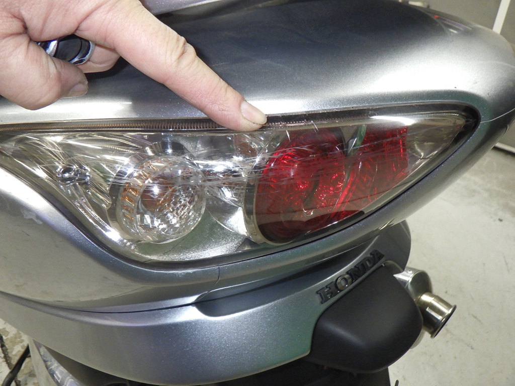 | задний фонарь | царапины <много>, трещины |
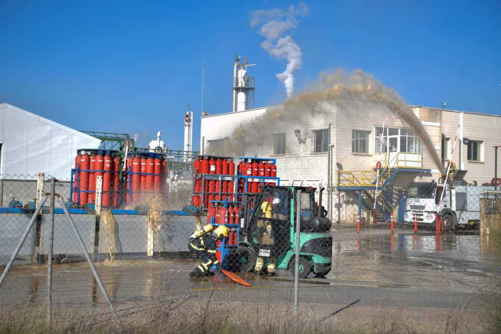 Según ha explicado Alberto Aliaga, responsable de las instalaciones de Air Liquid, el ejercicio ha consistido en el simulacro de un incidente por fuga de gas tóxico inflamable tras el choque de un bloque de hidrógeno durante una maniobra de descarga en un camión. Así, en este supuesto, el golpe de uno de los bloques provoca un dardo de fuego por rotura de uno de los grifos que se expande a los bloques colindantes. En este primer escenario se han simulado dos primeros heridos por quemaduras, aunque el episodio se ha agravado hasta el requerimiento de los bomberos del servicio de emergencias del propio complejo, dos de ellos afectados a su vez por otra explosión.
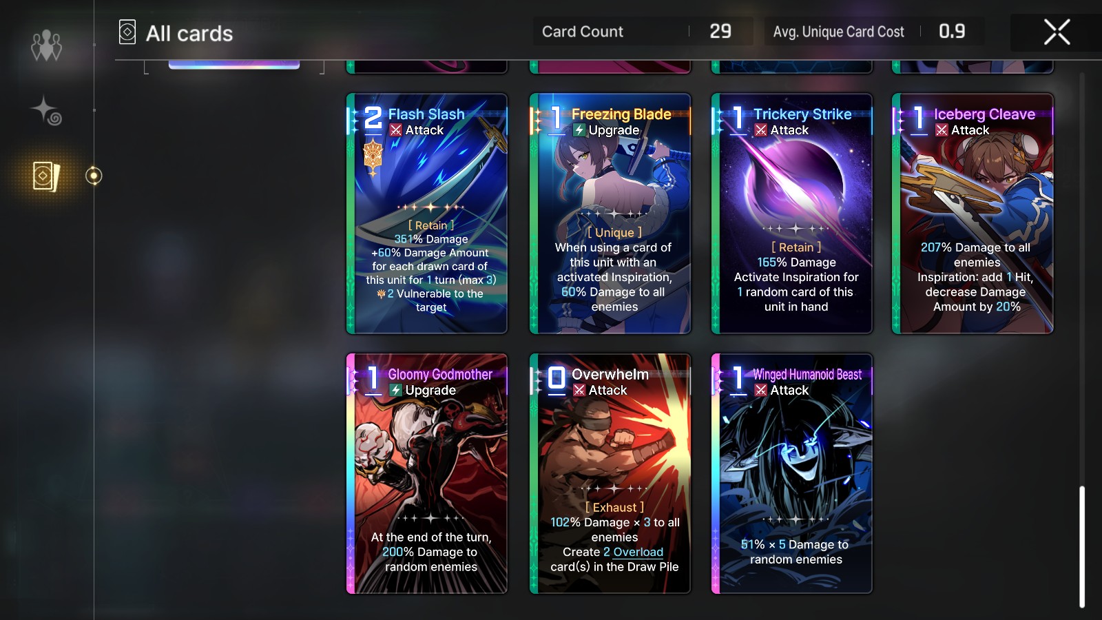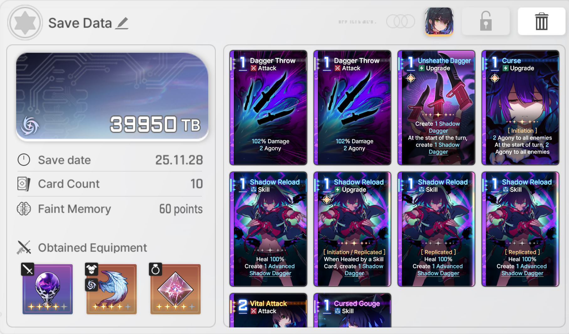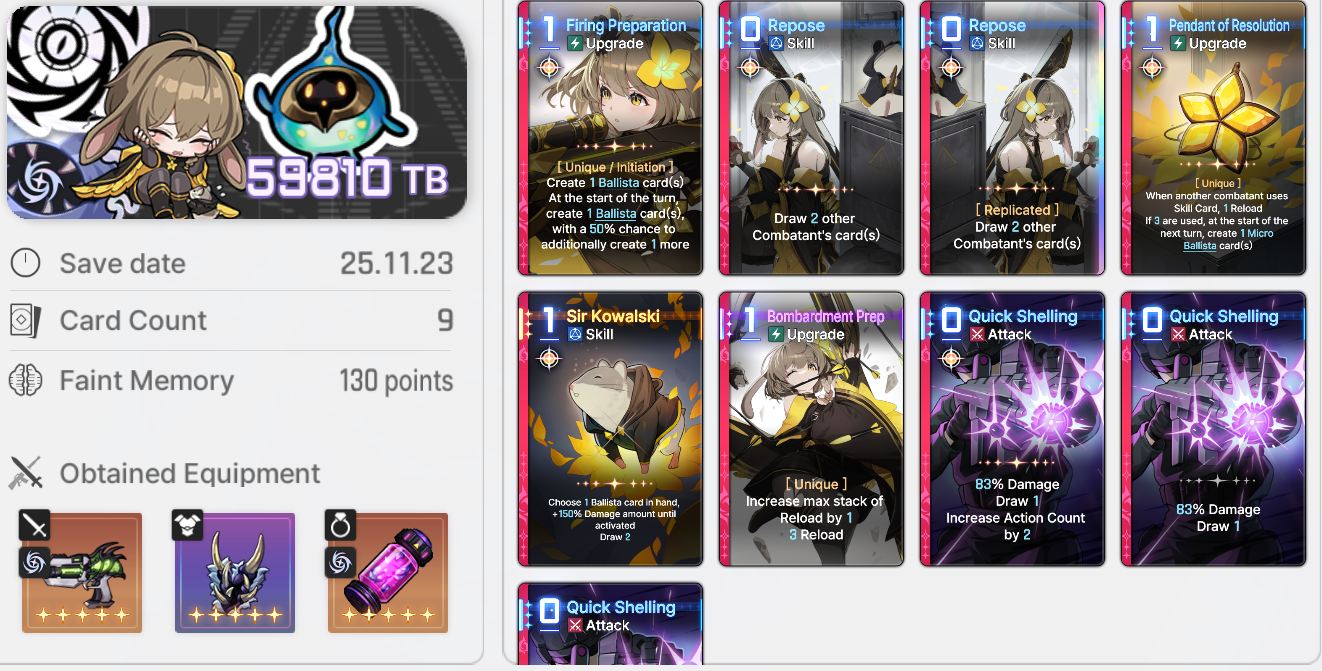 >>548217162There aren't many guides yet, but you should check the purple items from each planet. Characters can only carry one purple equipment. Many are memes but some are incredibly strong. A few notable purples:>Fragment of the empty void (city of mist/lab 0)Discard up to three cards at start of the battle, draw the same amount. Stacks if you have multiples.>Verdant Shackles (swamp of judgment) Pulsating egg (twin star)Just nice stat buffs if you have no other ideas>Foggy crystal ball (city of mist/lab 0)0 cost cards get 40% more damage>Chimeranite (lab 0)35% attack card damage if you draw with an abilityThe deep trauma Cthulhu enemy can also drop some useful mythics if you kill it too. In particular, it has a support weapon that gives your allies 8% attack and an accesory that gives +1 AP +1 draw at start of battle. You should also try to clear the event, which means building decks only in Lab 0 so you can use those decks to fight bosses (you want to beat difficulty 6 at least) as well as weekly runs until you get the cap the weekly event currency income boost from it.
★ ★ ★
- _Try it_
Reproduce only the lines from the first line of the listing above up to and including the line that holds "Según ha explicado". Omit the pictures.

- _Answer to the exercise_
 | задний фонарь | царапины <много>, трещины |
 Según ha explicado Alberto Aliaga, responsable de las instalaciones de Air Liquid, el ejercicio ha consistido en el simulacro de un incidente por fuga de gas tóxico inflamable tras el choque de un bloque de hidrógeno durante una maniobra de descarga en un camión. Así, en este supuesto, el golpe de uno de los bloques provoca un dardo de fuego por rotura de uno de los grifos que se expande a los bloques colindantes. En este primer escenario se han simulado dos primeros heridos por quemaduras, aunque el episodio se ha agravado hasta el requerimiento de los bomberos del servicio de emergencias del propio complejo, dos de ellos afectados a su vez por otra explosión.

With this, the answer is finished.